Methods: NSs were prepared via sonoprecipitation in the presence of a d-α-tocopheryl polyethylene glycol 1000 succinate (Vitamin E TPGS) aqueous stabilizer solution. Size and PDI were measured by dynamic light scattering (DLS) and encapsulation efficiency was determined by HPLC. An initial evaluation was performed to determine to explore the factor range for design of experiments (DOE). Three parameters, A/S, DL, and D/S, were further subjected to a Box-Behnken design of experiment and response surface methodological analysis using JMP Pro 16 to minimize drug crystal size. To validate the model, the optimized formulation was prepared four times to determine if the experimentally derived drug crystal sizes were statistically equivalent to the predicted size. In vitro dissolution testing of the bulk drug powder versus the optimized formulation was performed to determine if the NS approach enhanced the dissolution rate of NDH-4338.

Results: For the Box-Behnken design, the crystal size ranged from 29.90-103.5 nm, the PDI ranged from 0.002-0.365, and the EE ranged from 78.1- 99.7%. A standard least squares fit of the model produced an R squared of 0.93 with a 0.0061 p-value, meeting statistical validation criteria. There was no lack of fit or indication of any potential outliers, and variance inflation factor estimates confirmed that each parameter could be included in the model. After maximizing the desirability function, the defect rate for the 10-50 nm spec limits decreased from 42.2 to 8.1%. A Gaussian process script of the Monte Carlo simulation shows factor conditions that further lowered the defect rate to 6.5%, with the optimal conditions being an A/S of 6.2, DL of 2% w/w, and D/S of 2.8. For model validation, a Test Equivalence distribution analysis with a 95% confidence interval determined that the mean of four samples prepared at the optimal conditions was equivalent to the predicted size. In vitro dissolution of the optimized nanosuspension formulation showed a 3-fold increase in dissolution rate after 15 minutes compared to the bulk drug powder.

Conclusion: A DOE approach successfully predicted optimal CMA and CPP conditions to minimize the size of NDH-4338 NSs. The model met quality criteria by various methods of statistical evaluation and the optimal formulation showed an increased dissolution rate in comparison to bulk powder. These findings suggest that the use of a comprehensive optimization process can lead to the production of high-quality nanocrystals with improved properties, which could have significant implications for drug delivery and development. Future work will include the incorporation of the nanocrystals into a permeation-enhancing vehicle and therapeutic evaluation of the formulation using the depilatory double-disc (DDD) mouse model.

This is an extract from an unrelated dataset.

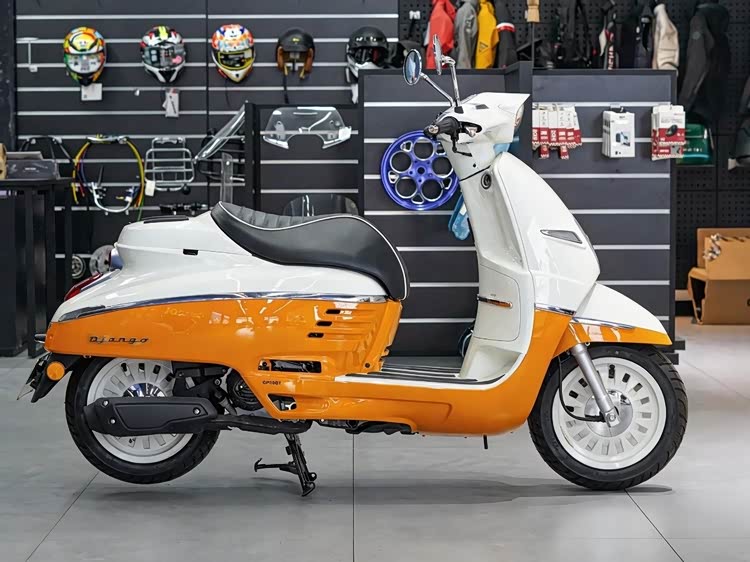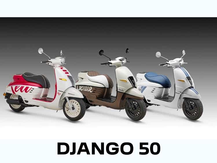 DJANGO 50动力系统搭载一台49.5cc单缸四冲程发动机,采用整体式缸头设计,发动机运转稳定,噪音可控。最大马力3.5匹,最大功率2.6kW/7500rpm,最大扭矩3.2Nm@7300rpm,动力输出线性平顺,动力储备满足日常通勤需求,最高时速45km/h,比常规两轮电动车快一点。官方百公里油耗1.8L/100km,燃油经济性出色。
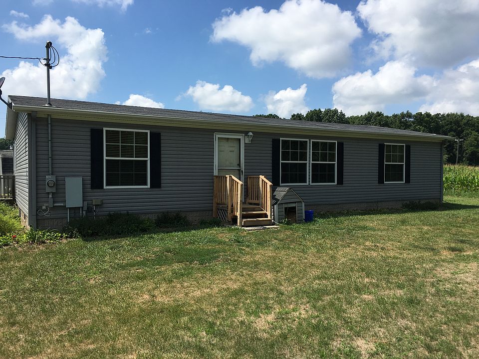 Welcome home to your neat and tidy 2005 modular ranch on private 1.63 acres with a partially wooded lot that backs up to corn fields, with 3 bedrooms and 2 full baths. This open concept home offers privacy while still being close to town. Large eat-in kitchen with doorwall to your outdoor oasis! Kitchen has wood cabinets, tons of counter space, white appliances, and is conveniently located next to your main floor laundry. Master bedroom has a full bath en suite with large tub and shower! It features an extra large mechanics garage with power and room for all of your toys! Schedule your showing today!

Acknowledgements: Funding information: This research was supported by Countermeasures Against Chemical Threats, NIH grant AR055073, and the Parke‐Davis Endowed Chair in Pharmaceutics and Drug Delivery. Conflict of Interest Statement: The authors declare that there are no conflicts of interest.

Fig. 1. A Box-Behnken Design (BBD) of experiment was constructed to minimize nanocrystal size. Three critical factors were selected from the initial evaluation data, antisolvent-solvent ratio (A/S), drug loading, and drug-to-stabilizer ratio (D/S). For the experimental design, a BDD was selected, as prediction profilers demonstrate that power analyses of BBDs are better suited at the edges of critical factor ranges than other design types. Using JMP Pro 16, 15 runs were generated with 3 center points.

Fig. 2. Two optimization strategies lowered the predicted drug crystal size and defect rate. By using the maximum desirability function, the defect rate for the optimized factor settings to produce nanocrystals that fall within the 10-50 nm spec limits was lowered from 42.2 to 8.1%. After running a Gaussian process script of the Monte Carlo simulation, the defect rate was further lowered to 6.5%, with the optimal settings being antisolvent/solvent ratio (A/S) of 6.2, drug loading (DL) of 2% w/w, and drug to stabilizer ratio (D/S) of 2.8.

Fig. 3. A Test Equivalence distribution analysis validates the model performance. The crystal sizes of four formulations prepared at the optimal factor settings were determined to be statistically equivalent to the predicted size, with a 95% confidence interval.